In reality, this should not be taken as a chronicle of the announced death of portfolio and fund management, but rather as an incentive to return to the essence of management. And while the quantitative data is very important, it’s not everything. In addition, it is far from the most important. In fact, an S&P study collecting US equity funds shows that very few have the consistency to remain in the top quartiles for five consecutive periods. For large cap funds in particular, the percentage of funds remaining in the first quartile after 5 years is zero!

This is where the magic of humans comes in and the importance of qualitative analysis, which artificial intelligence cannot provide, let alone a quantitative model, no matter how sophisticated the tools may be. Economics is a social science and finance, as part of economics, is also a social science. Therefore, the object of investigation is man. In the natural sciences, Popper’s scientific method works quite well. Not in the sciences of human action. Therefore, we must use the person as a starting point for decision-making.

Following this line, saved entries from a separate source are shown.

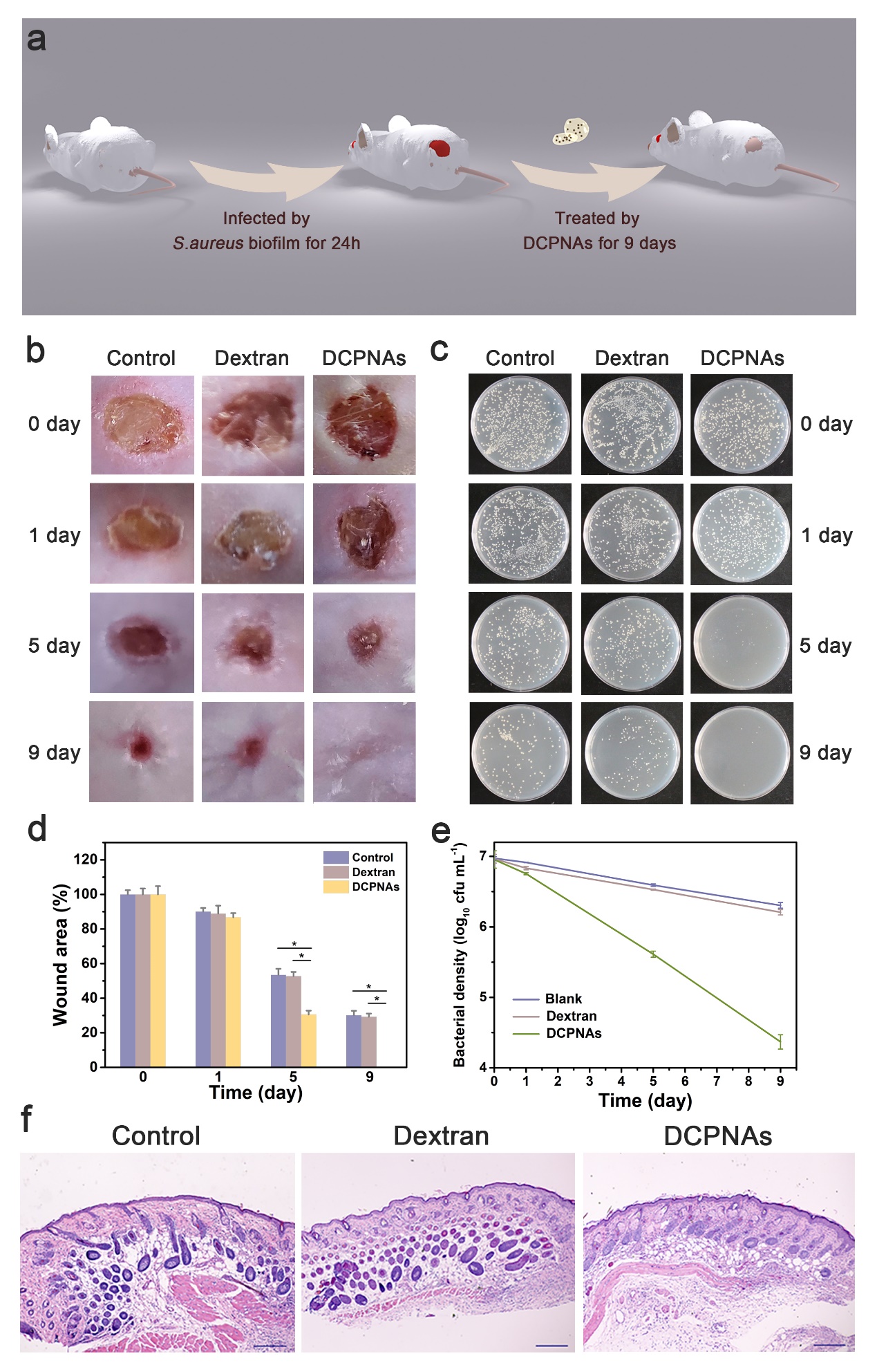 Figure 4. DCPNAs鍦ㄦ不鐤楃粏鑿屾劅鏌撴у垱闈腑鐨勫簲鐢ㄨ瘯楠岀粨鏋滐細(a) DCPNAs澶勭悊浼ゅ彛鍒涢潰紺烘剰鍥撅紱(b) 鍚勭粍浼ゅ彛鍒涢潰鍙樺寲鍥撅紱(c) DCPNAs瀵逛激鍙h〃闈㈢粏鑿岀殑鎶楄弻鏁堟灉鍥撅紱(d) 鍚勭粍浼ゅ彛闈㈢Н闅忔椂闂村彉鍖栫洿鏂瑰浘(* P <0.05)錛?/span>(e) DCPNA瀵逛激鍙h〃闈㈢粏鑿岀殑鎶楄弻鏁堟灉錛?/span>(f) 娌葷枟9 d鏃跺悇緇勭殑灝忛紶浼ゅ彛緇勭粐鐨?/span>H&E鏌撹壊鍒囩墖緇撴灉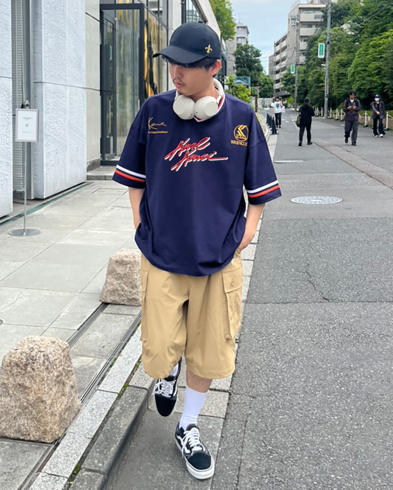 そこにスポーツテイストをモチーフにしたオレンジのプリントやイエローの刺繍が良いアクセントに!ユニフォーム風デザインをベースに、ストリートファッションに落とし込んだTシャツとワイドカーゴショーツは、あえて大きめサイズでラフに着こなすことで、よりストリートなスタイルに。2枚目の写真では、思わずゴールパフォーマンス風のポーズでパシャリ!遊び心も忘れません(笑)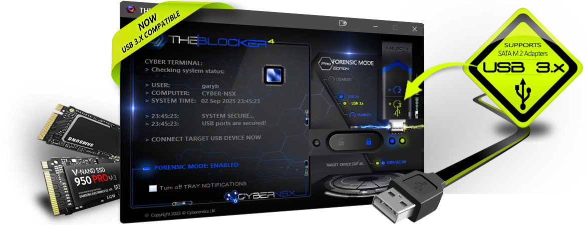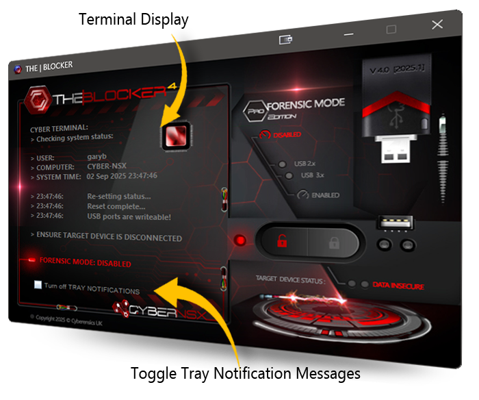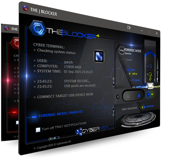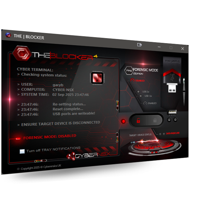 This release has introduced an attractive and functional new look... When 'Forensic Mode' is enabled... the interface turns blue in colour, leaving you in no doubt the intergrity of any subsequently connected USB devices and that they are protected from any attempts to write data back to the device. When disabled, an red warning interface clearly shows you the 'Forensic Mode' has been disabled and that USB devices can now be written to. This application also takes advantage of additional Windows 10 & 11 features, including the 'notification' feature, displaying a message on-screen each time the 'Forensic Mode' is changed, keeping the user in no doubt as to the status of the system and protecting the integrity of any target USB devices.
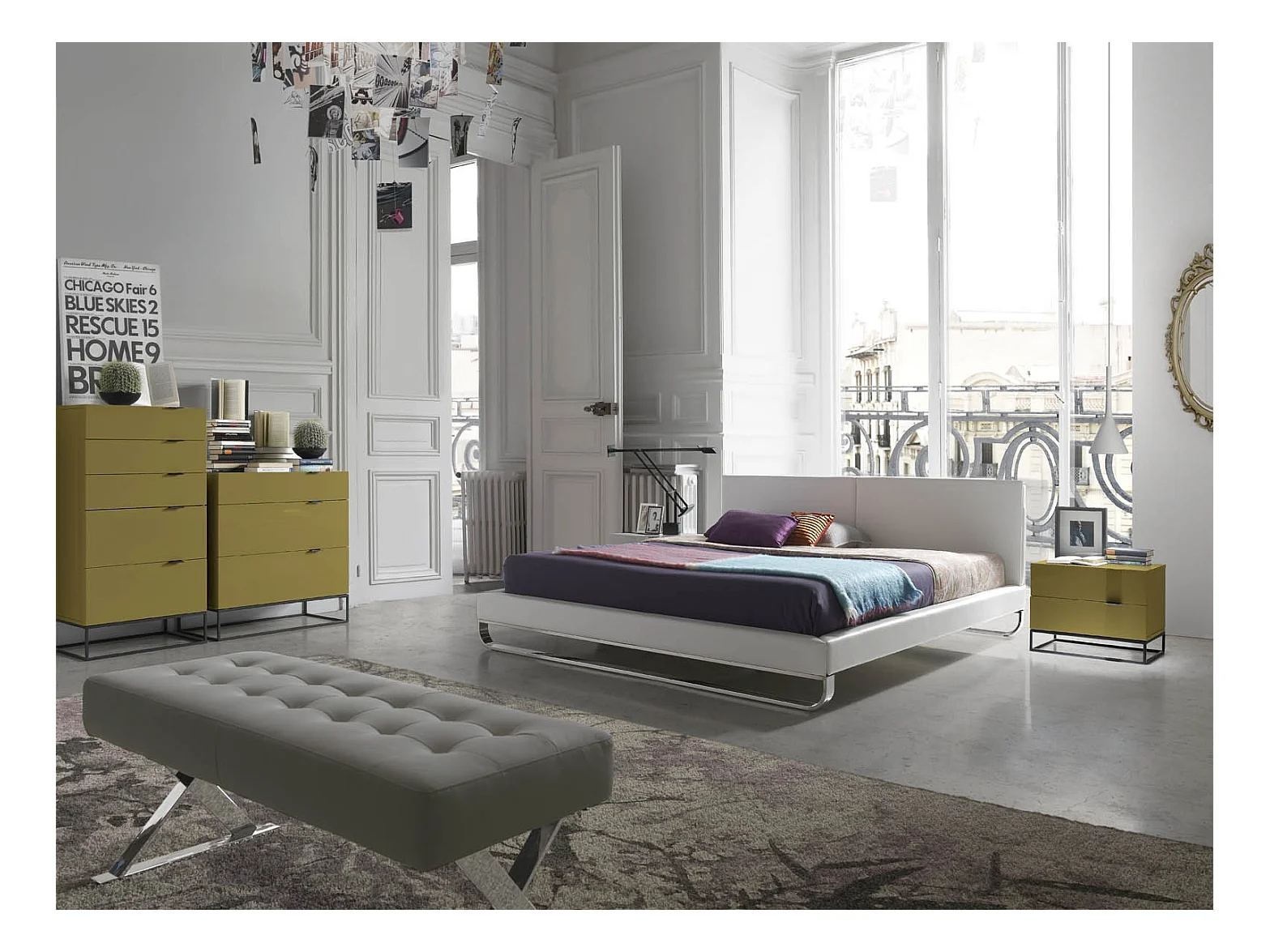Banquette capitonnée simili cuir blanc et pieds acier inoxydable Dez 120cm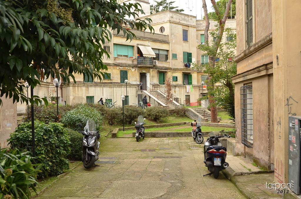 Południowa część Rzymu z blokami, między którymi mieszkańcy parkują swoje komarki :)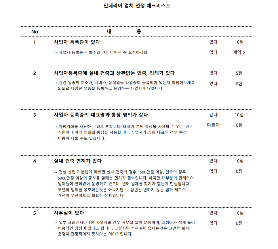 인테리어 사기안당하기, 업체 선정 체크 리스트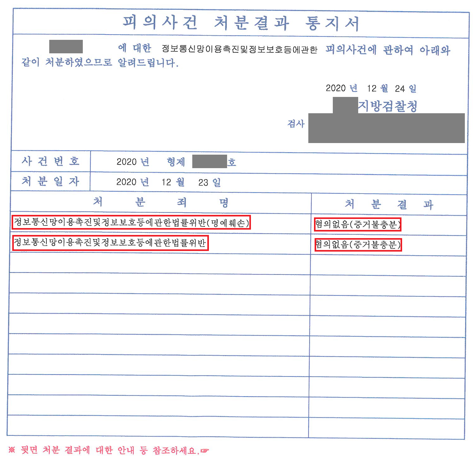 경쟁업체가 의뢰인을 고소한 죄명은 정보통신망을 이용하여 허위사실을 유포하고 명예를 훼손하였다는 것, 정보통신망을 통하여 불안감이나 공포심을 조장할 수 있는 내용을 반복적으로 게시하였다는 것이었습니다. 의뢰인은 법무법인 명재의 도움을 받아 허위사실을 유포하지 않았고, 상대방의 불법행위에 대하여 법적 조치를 예고한 것이 정보통신망법에서 금지하는 불안감 조성에 해당할 수 없다는 점을 법리적으로 설명하였습니다.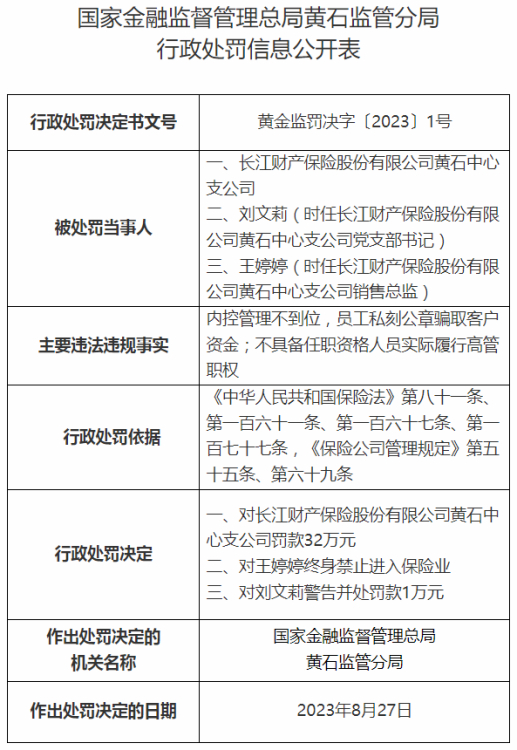 具体来看,2023年8月27日,国家金融监督管理总局黄石监管分局公布一则行政处罚信息公开表(黄金监罚决字〔2023〕1号),长江财产保险股份有限公司黄石中心支公司因存在内控管理不到位,员工私刻公章骗取客户资金;不具备任职资格人员实际履行高管职权等违法违规行为,被黄石监管分局罚款32万元。

One of the youngest sectors of the economy is behavioral finance, which will increasingly play a more important role in managerial decision-making. And if we don’t put the focus on people and their actions, artificial intelligence will effectively end the role of managers. However, if we focus on the person in addition to analyzing the quantitative data, the manager gives a much more important value than that of the intelligent models.

Evolve or die. Those managers who know how to recognize human needs, how to integrate qualitative tools into their studies and know that people are at the center of their studies will have skills that no machine can ever take away from them. These managers will add significant value to their companies and be irreplaceable for their clients. If you don’t know how to adapt to change and return to the essence of our science, you’d better find another job. In times of so many advances in technology, we’re going to find out who’s naked at low tide. Active management will by no means die, it will bring greater added value each time; Yes, for those who know how to adapt.